Problem: Nothing but the lines from the one with "Radiated Emission Below 1 GHz" through the end of the data should be set down, each exactly as written, and no picture should be included.

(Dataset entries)
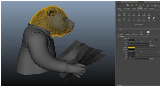
Grooming the Panda's Fur
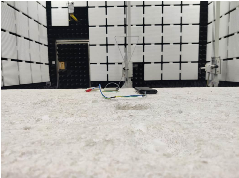
Radiated Emission Below 1 GHz
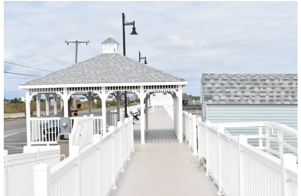
035 | Barnegat Township - Barnegat Beach | N
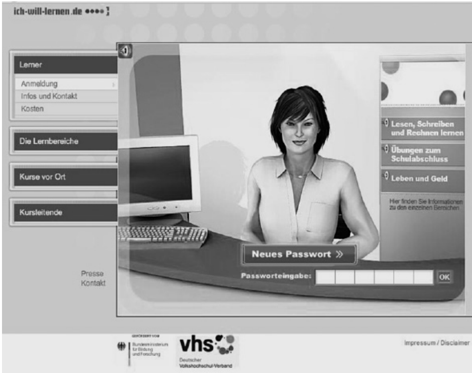
Homepage of www.ich-will-lernen.de

messages via PC through a special system, a service that is, however, connected with significant costs for the users.

Output:
Radiated Emission Below 1 GHz
035 | Barnegat Township - Barnegat Beach | N
Homepage of www.ich-will-lernen.de

messages via PC through a special system, a service that is, however, connected with significant costs for the users.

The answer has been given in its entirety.